Starting from an initial CAL program, a CAL transformation (1) leads to an intermediate CAL program which results in a better throughput with lower resources used. Another scheduling (3) or partitioning (2) applied to this intermediate model lead to another location in the design space.

1 CAL program transformations

One of the possibilities to explore the design space is to modify the CAL program directly. This section details the different possible transformations.
1.1 Splitting of actors

This transformation can be applied when more task parallelism or pipelining parallelism is required. As illustrated in Figure 2, it consists of substituting a single actor (or a network of actors) by another network of actors while respecting the I/O token functionality of the initial actor (or network of actors). It is the case when the program is composed of complex actors (i.e., actors firing complex actions) for which the potential task parallelism or pipeline parallelism of the actions need to be explicitly exposed by the program.

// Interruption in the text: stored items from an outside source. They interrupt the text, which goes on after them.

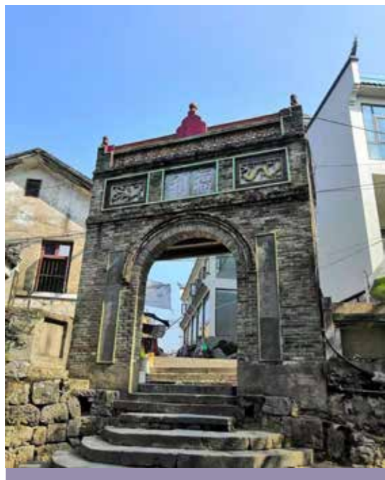
图4 桂林阳朔福利古镇
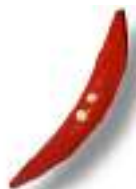
Soc réversible forgé 400 x 67 x 13 mm.

Profondeur de travail de 5 à 10 cm. Idéal pour la coupe superficielle des racines sans remuer la terre et pour préserver intacte la structure du sol ainsi que l'humidité en profondeur.
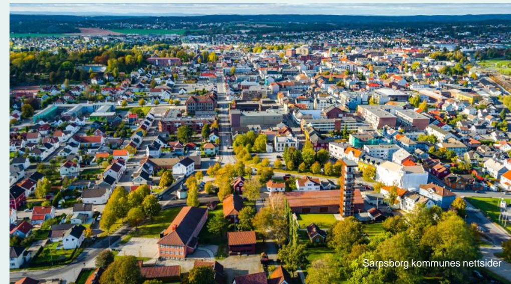
Sarpsborg kommunes nettsider
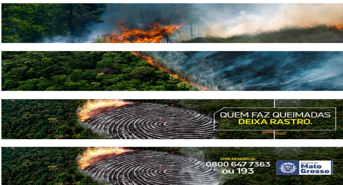
FIGURA 2 – BANNER QUEIMADAS (SECOM)
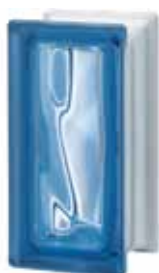
BLU R09 O 19x9,4x8
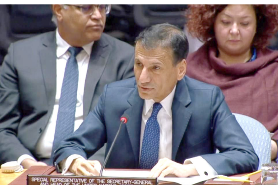
كلمة : ممثل الأمم المتحدة في العراق يلقي كلمته أمام مجلس الأمن

رجّح الممثل الخاص للأمم المتحدة في العراق محمد الحسان خلال إحاطته أمام مجلس الأمن، عدم تأخر تشكيل الحكومة العراقية الجديدة، معرباً عن أمه في حل المسائل العالقة بين حكومتى بغداد وأربيل، وذلك قبيل إنتهاء ولاية يونامي في الحادي والثلاثين من كانون الأول الجاري. وأكد الحسان إن (الإحاطة الحالية تعد الأخيرة قبل إنتهاء مهمة البعثة)، شددًا على أن (مغادرة يونامي لا تعني نهاية التعاون الأممي في العراق بل بداية فصل جديد)، وشدد على القول إن (العراق انتصر على الإرهاب بفضل شعبه والدعم الدولي، ونجح في إقامة انتخابات شفافة بنسبة مشاركة مرتفعة،
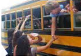
出発 - 空港見送り
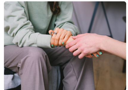
JOURNÉE DE LA SANTÉ MENTALE
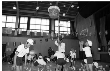
青生野小学校運動会 / 上…ぼくらのリサイクル (3・4年生) / 下…全校玉入れ
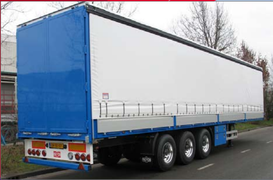
Dubbele kist, extra hoge lichtbak
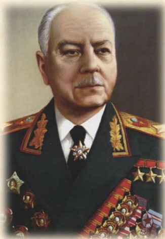
Климент Ефремович Ворошилов

![Figure 2: Actor splitting transformation](image)

1.2 Merging of actors

This transformation can be applied when task parallelism or pipeline parallelism is not necessary to be exposed. As illustrated in Figure 3, the transformation consists of substituting a network of actors by a single actor while respecting the I/O token functionality. It is the case when the program is made of a large number of simple actors which have to be mapped for example onto an architecture made of a small number of processing elements, the exposed parallelism is too high. The benefit of merging is to reduce FIFO communications and synchronization overhead (token availability tests and guard checks).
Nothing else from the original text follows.